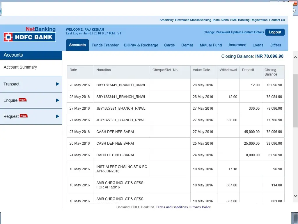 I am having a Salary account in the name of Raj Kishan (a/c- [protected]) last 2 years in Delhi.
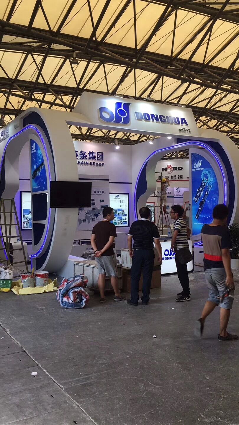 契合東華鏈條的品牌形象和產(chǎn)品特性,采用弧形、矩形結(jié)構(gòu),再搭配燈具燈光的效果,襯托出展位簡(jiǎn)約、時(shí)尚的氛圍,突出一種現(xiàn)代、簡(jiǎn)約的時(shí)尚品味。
---*---
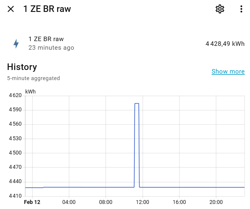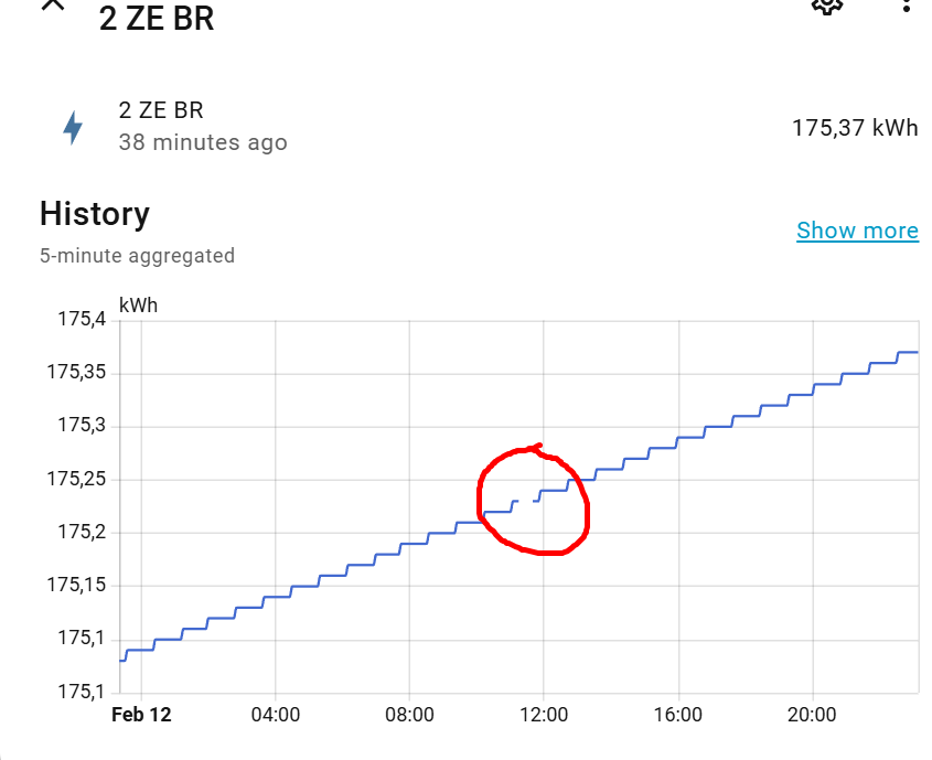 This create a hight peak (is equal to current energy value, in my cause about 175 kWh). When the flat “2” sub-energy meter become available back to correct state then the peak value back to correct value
---*---
■ Task requirements:
What you write out is the stretch of entries from the line containing "I am having" to the line containing "契合東華鏈條的品牌形象和產(chǎn)品", word for word, with both end lines and no pictures.

■ Exercise output:
 I am having a Salary account in the name of Raj Kishan (a/c- [protected]) last 2 years in Delhi.
 契合東華鏈條的品牌形象和產(chǎn)品特性,采用弧形、矩形結(jié)構(gòu),再搭配燈具燈光的效果,襯托出展位簡(jiǎn)約、時(shí)尚的氛圍,突出一種現(xiàn)代、簡(jiǎn)約的時(shí)尚品味。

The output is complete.